**About this task**
Please, could you print all the lines below exactly, leaving out the pictures?

**Supplied information**
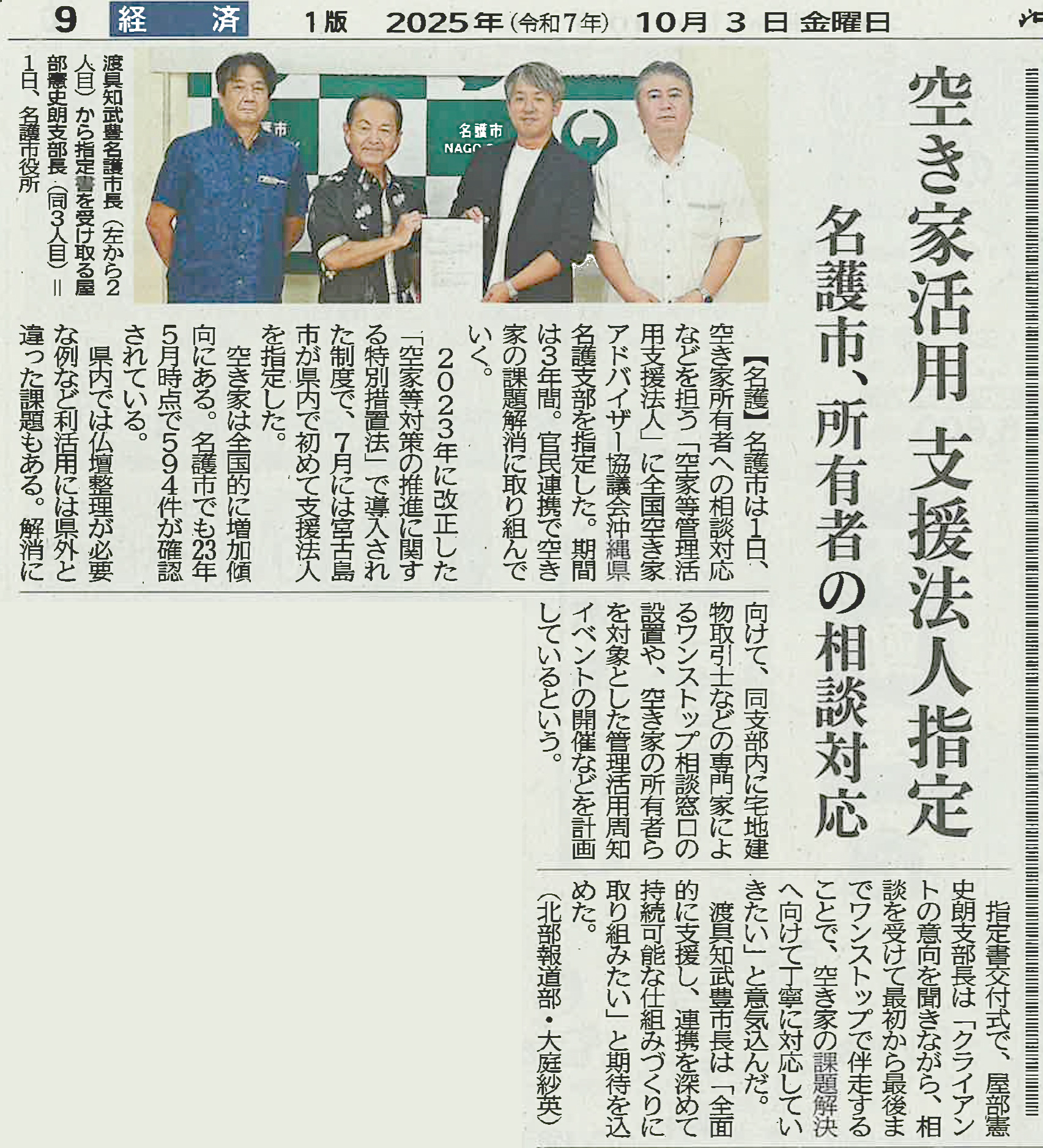 沖縄タイムスに掲載いただきました。 2025年10月3日沖縄タイムスに一般社団法人全国空き家アドバイザー協議会沖縄県名護支部が、沖縄県名護市から「空家等管理活動支援法人」に指定されたことが掲載されました。 メディア掲載カテゴリーの記事
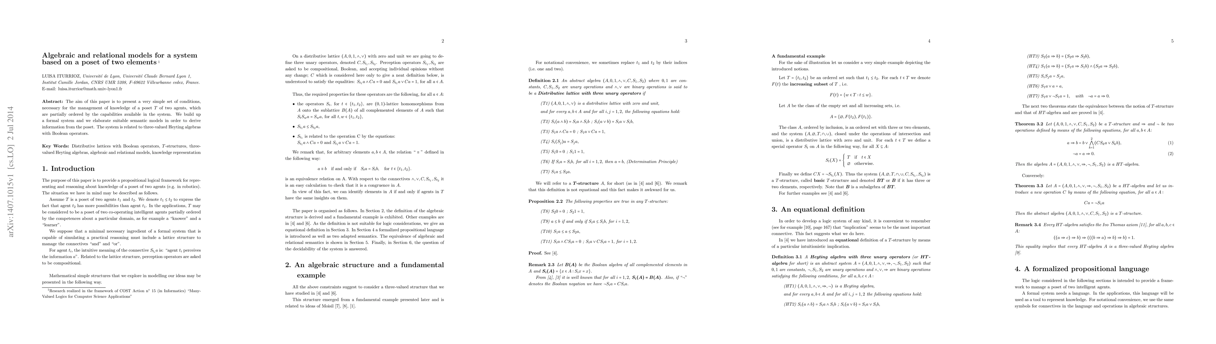 The aim of this paper is to present a very simple set of conditions, necessary for the management of knowledge of a poset $T$ of two agents, which are partially ordered by the capabilities available in the system. We build up a formal system and we elaborate suitable semantic models in order to derive information from the poset. The system is related to three-valued Heyting algebras with Boolean operators.
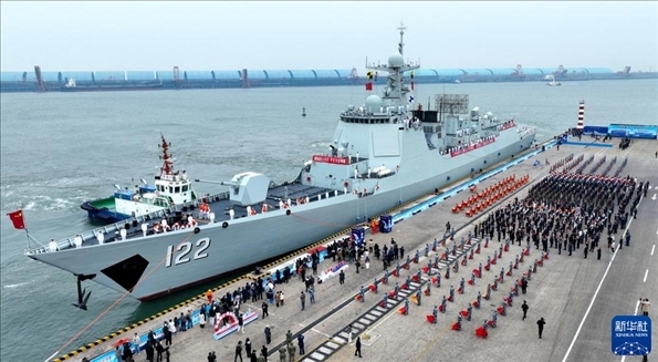 全國多地以多種形式慶祝人民海軍成立75周年,海軍組織“戰(zhàn)艦回家鄉(xiāng)”活動,唐山艦靠泊河北省唐山市。

**Reply to the task**
 沖縄タイムスに掲載いただきました。 2025年10月3日沖縄タイムスに一般社団法人全国空き家アドバイザー協議会沖縄県名護支部が、沖縄県名護市から「空家等管理活動支援法人」に指定されたことが掲載されました。 メディア掲載カテゴリーの記事
 The aim of this paper is to present a very simple set of conditions, necessary for the management of knowledge of a poset $T$ of two agents, which are partially ordered by the capabilities available in the system. We build up a formal system and we elaborate suitable semantic models in order to derive information from the poset. The system is related to three-valued Heyting algebras with Boolean operators.
 全國多地以多種形式慶祝人民海軍成立75周年,海軍組織“戰(zhàn)艦回家鄉(xiāng)”活動,唐山艦靠泊河北省唐山市。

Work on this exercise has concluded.